Work instruction
Leave out the pictures and output exactly the lines below from the one with "1年生の学習です。「たのしか" down to the one with "Stunning cityscape at", both of them included.

Provided entries
┄┄┄┄┄┄┄┄┄┄

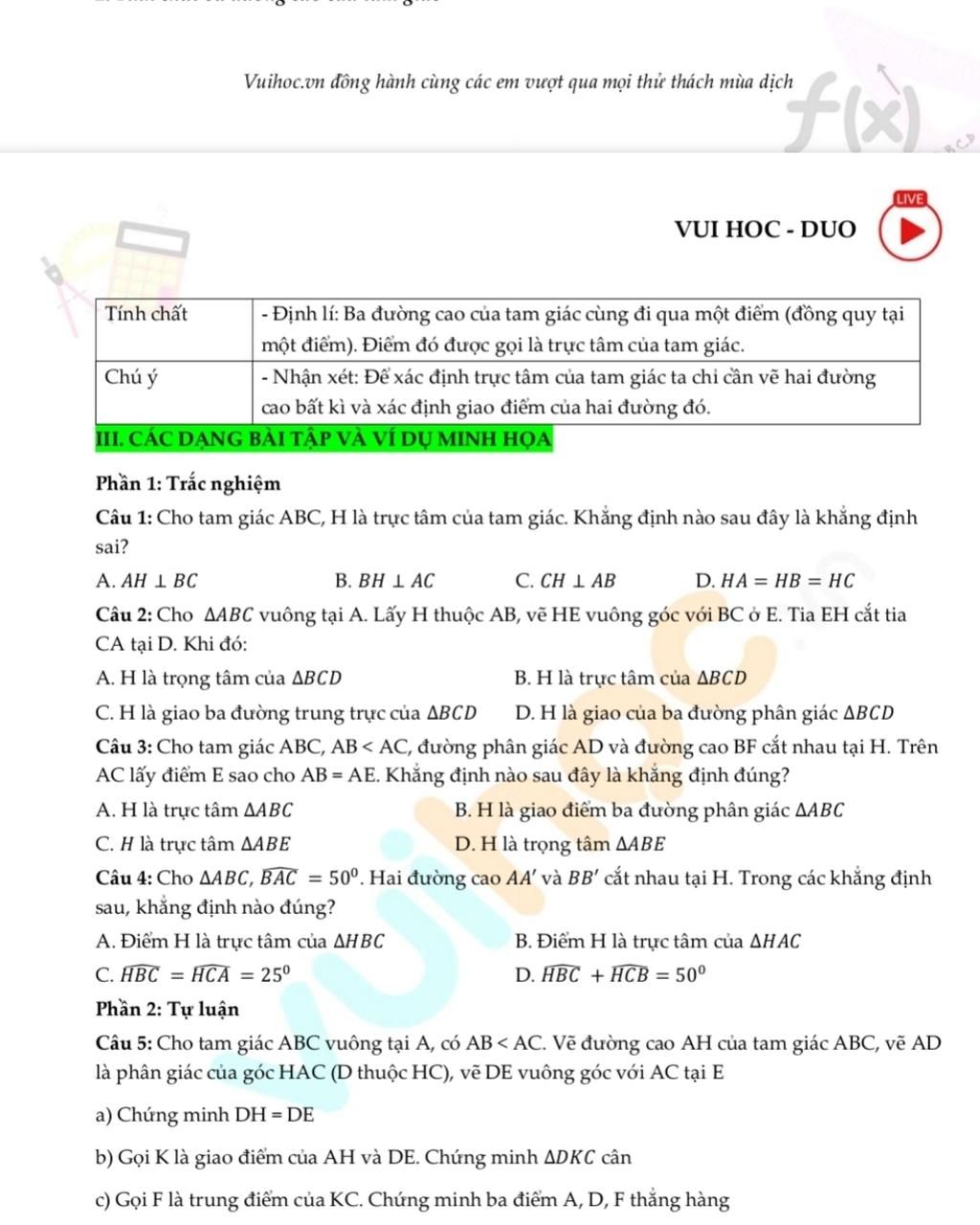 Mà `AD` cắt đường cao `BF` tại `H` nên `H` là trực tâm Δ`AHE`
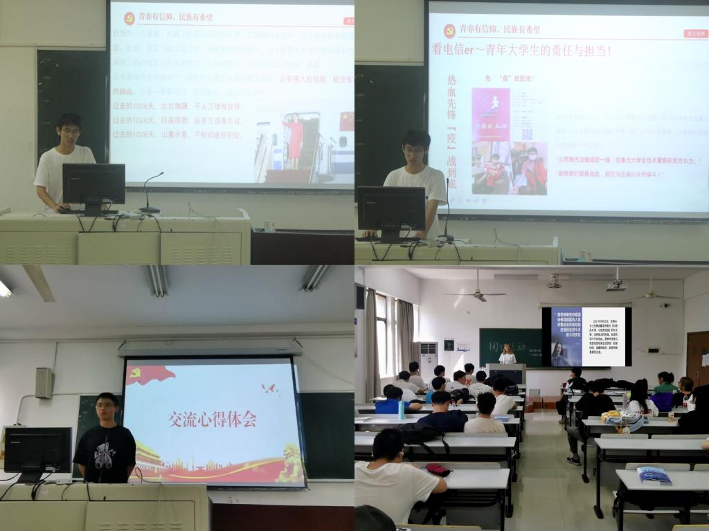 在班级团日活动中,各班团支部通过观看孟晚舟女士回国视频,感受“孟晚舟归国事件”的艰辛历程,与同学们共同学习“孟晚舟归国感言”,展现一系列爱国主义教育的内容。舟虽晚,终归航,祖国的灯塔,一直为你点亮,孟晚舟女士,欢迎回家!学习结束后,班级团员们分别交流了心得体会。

┄┄┄┄┄┄┄┄┄┄

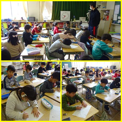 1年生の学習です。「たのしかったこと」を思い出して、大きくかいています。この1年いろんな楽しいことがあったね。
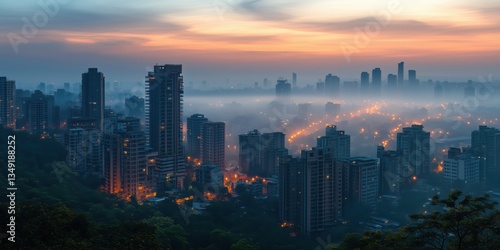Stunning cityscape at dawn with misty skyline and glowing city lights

┄┄┄┄┄┄┄┄┄┄

Solution
 1年生の学習です。「たのしかったこと」を思い出して、大きくかいています。この1年いろんな楽しいことがあったね。
Stunning cityscape at dawn with misty skyline and glowing city lights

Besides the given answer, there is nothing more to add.